I like the idea of the sterilizer - hopefully it will head off any bacteria or fungal problems as well as take care of algae.


----------



## Green024 (Sep 19, 2009)

When I couldn't take the green water anymore, ebay is where I snagged a decent, and cheap UV filter. Here is the thread I made with my green water problem, complete with pictures.


----------



## Bearslide (Feb 9, 2011)

Green024 said:


> When I couldn't take the green water anymore, ebay is where I snagged a decent, and cheap UV filter. Here is the thread I made with my green water problem, complete with pictures.


Yup - good thread - and that's the same model I got from [Ebay Link Removed] Odd though - exact same thing but now the box says it's manufactured by Grech. When you try to go to the Grech website listed on the box, it doesn't exist. It's the same model being sold in a good nearby LFS for $99 manufactured by JBJ. I downloaded the user manual from the JBJ site and it is the same model. $70 savings - fine by me!

I would agree with those who posted in your other thread - the Sun-sun or Grech or JBJ (whatever) is far more powerful than the Green Killing Machine from Petsmart.

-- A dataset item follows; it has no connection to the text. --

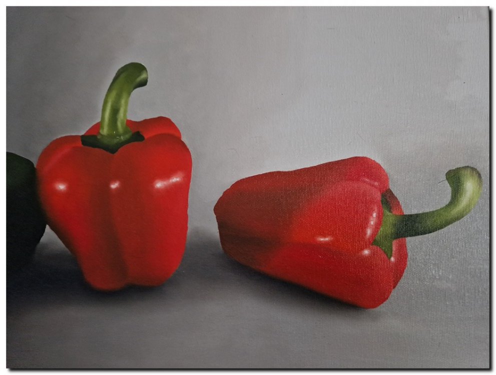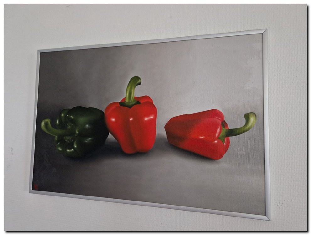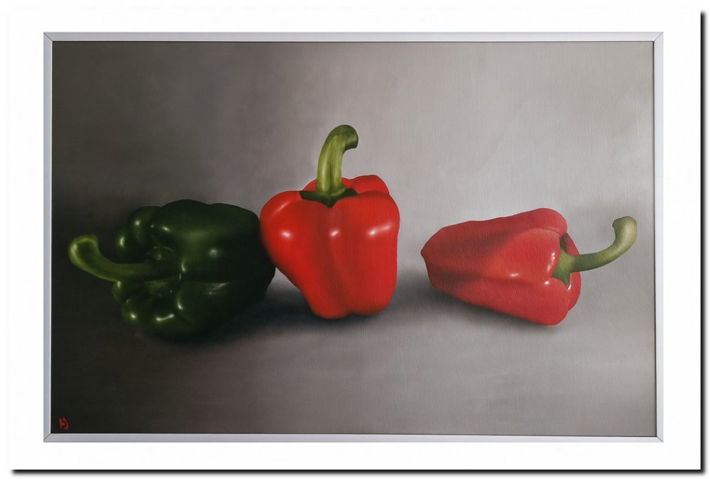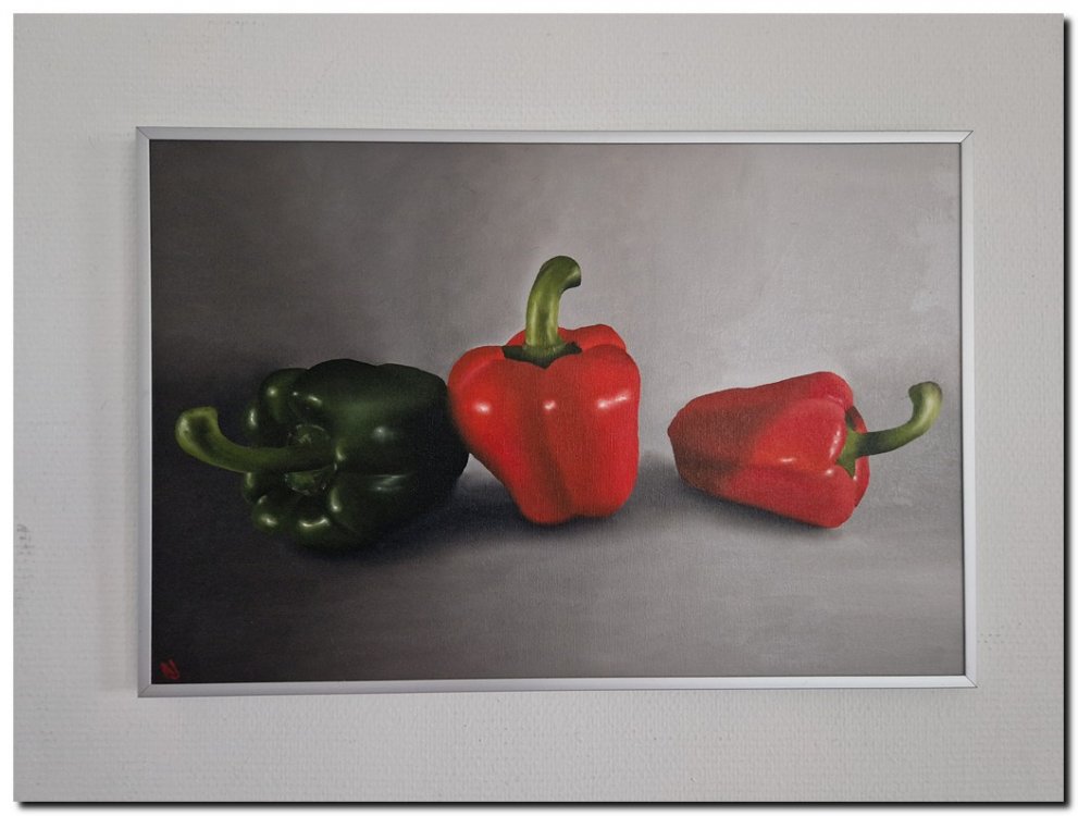 De inspiratie voor dit schilderij kwam letterlijk uit het dagelijks leven — de groenteafdeling van de supermarkt. Soms kan iets heel gewoons, zoals paprika’s, een kunstenaar raken door hun kleur, glans of vorm. Anne Jurjen (Ajo) Oppedijk zag in deze paprika’s niet alleen groente, maar sculpturen van licht en schaduw.

Don't think I'd want to use it with tiny fish or fry - would suck them right up.


----------



## Green024 (Sep 19, 2009)

Your buying the name, not the actual product most the time... Tis too bad, because I do like to support local business's, but I'm not willing to pay more than 2x the cost if I am given the choice.

Yea, It does have quite the flow to it. Too much for the 20 gallon I used it in, but I had no livestock to worry about.


----------



## Bearslide (Feb 9, 2011)

> Green024 said:
> 
> 
> > Your buying the name, not the actual product most the time... Tis too bad, because I do like to support local business's, but I'm not willing to pay more than 2x the cost if I am given the choice.
> ...


Apparently so, because they are all the same with the same instructions.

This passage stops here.